What will the coworking space of the future look like? Part 2

What will the coworking space of the future look like? Part 2

A few weeks ago we talked about what the coworking spaces of the future will be like, focusing on aspects such as health, the need for companies to convince their employees to return to the office and optimising pay-per-use systems. In this post, however, I want to talk about different aspects that, I believe, impact the sector in a deeper way. 

Before the pandemic, in a conversation with a broker, a topic came up that I had detected in some clients before but perhaps did not give enough importance to. I think that sometimes we do not place enough importance on the things that happen to us on a day-to-day basis. However, I think it is important to reflect and share what happens to us with other professionals in our sector, in order to have a broader and clearer picture of what is happening in our industry.

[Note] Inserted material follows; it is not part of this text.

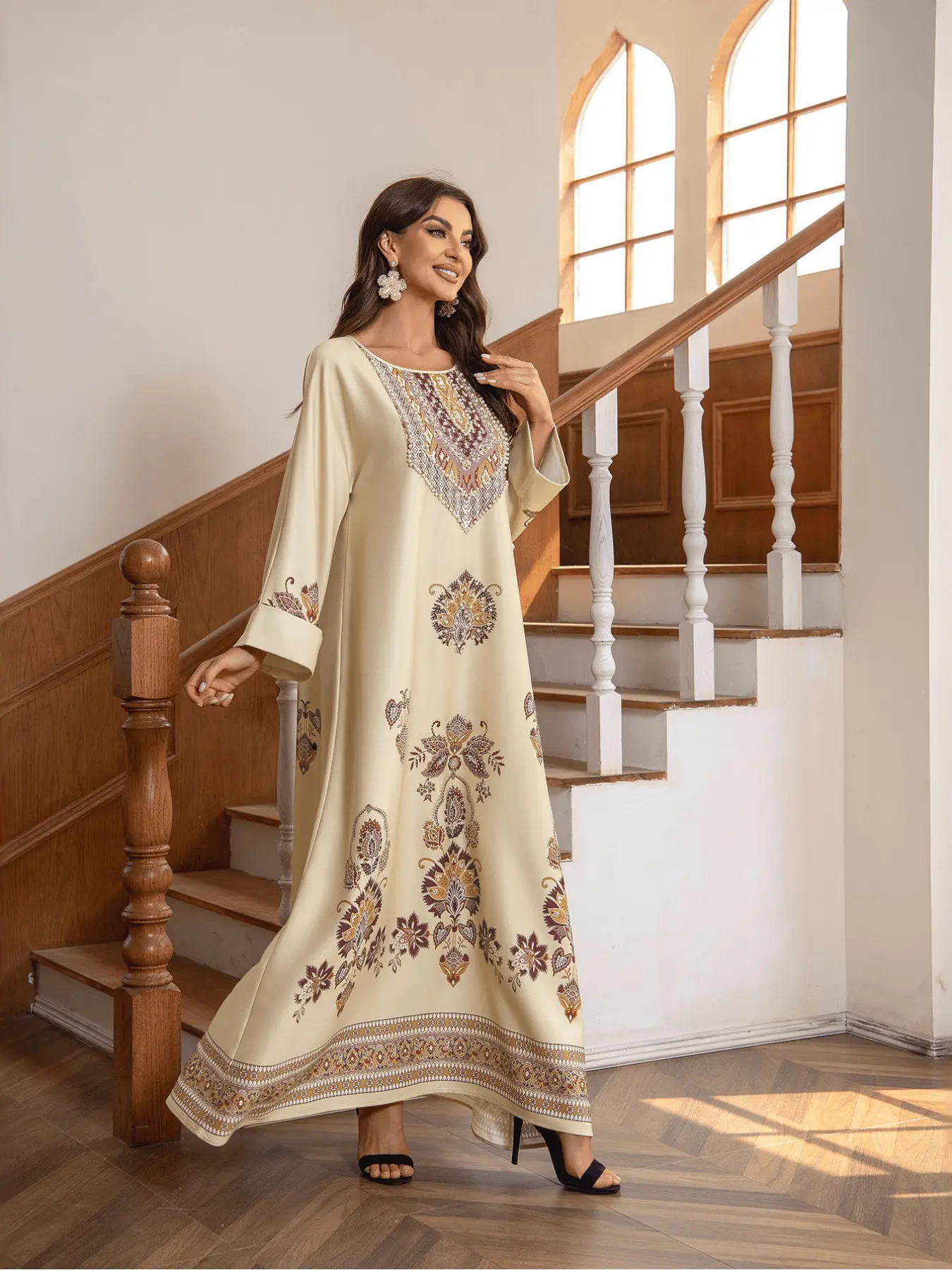 Muslim Dress Round Neck Printed Rhinestone Beaded Loose A-Line Long Robe

As I said, I was talking to this person and the conversation led me to ask him if he thought that some operators, in trying to optimise space, had gone so far that for a certain type of corporate client, the product no longer made sense because it did not respond to their needs. The answer was obviously yes, and the answer to this conflict has been found by operators in the development of Space-as-a-Service in any of its variants.

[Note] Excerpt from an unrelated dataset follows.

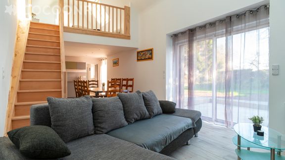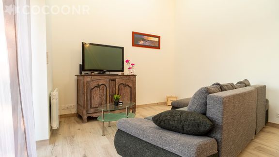 - Une pièce de vie de 40 m² avec TV, canapé-lit double et espace repas

An office service within a coworking space has a clear purpose and very broad appeal. It offers a private office, usually with highly optimised dimensions, shared common areas and a number of services allowing members to concentrate on their work. A client of this service is looking for a compact private space in which to work without complications or prior investment in a very flexible scheme and who does not mind sharing common areas with the rest of the users of other companies.

However, there are clients for whom this does not work. For multinationals that follow a strict regulation of square metres per employee, the model is not practical as they have a high density of employees. The same is the case for those at the opposite extreme as well. In these cases, what started to happen was that clients who were interested in the service but had different needs in terms of layout started to ask operators for the space (and the price) per square metre instead, and then ask about changing the layout to better suit their needs.

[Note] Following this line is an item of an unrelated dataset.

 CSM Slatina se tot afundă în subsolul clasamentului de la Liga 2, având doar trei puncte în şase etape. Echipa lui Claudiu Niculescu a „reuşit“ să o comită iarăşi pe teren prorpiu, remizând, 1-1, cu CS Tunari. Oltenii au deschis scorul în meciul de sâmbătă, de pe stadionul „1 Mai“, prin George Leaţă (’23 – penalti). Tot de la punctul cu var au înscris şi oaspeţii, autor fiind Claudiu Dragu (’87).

With the advent of the pandemic, the increase in demand from corporate clients has multiplied and the vast majority of large operators tell you privately that they are carrying out a multitude of projects with corporate clients both on and off-site. For operators who are either part of a real estate company or work in large corporate buildings with availability, these contracts are even more interesting given the optimisation possibilities they provide and in the first case, the possibility to improve their assets. Obviously, this service demands higher costs for the client and generally longer contracts, especially since they are associated with customisation of the space.

Over the past five years this practice has evolved and become increasingly commonplace and fancy terms and acronyms have been coined to define it.

These services exist and are a part of the market that will become increasingly important as this is adopted by more and more companies. It also offers opportunities for operators working in different price ranges as not all customers in the future will be interested in the type of finishes and services offered by operators currently providing this service.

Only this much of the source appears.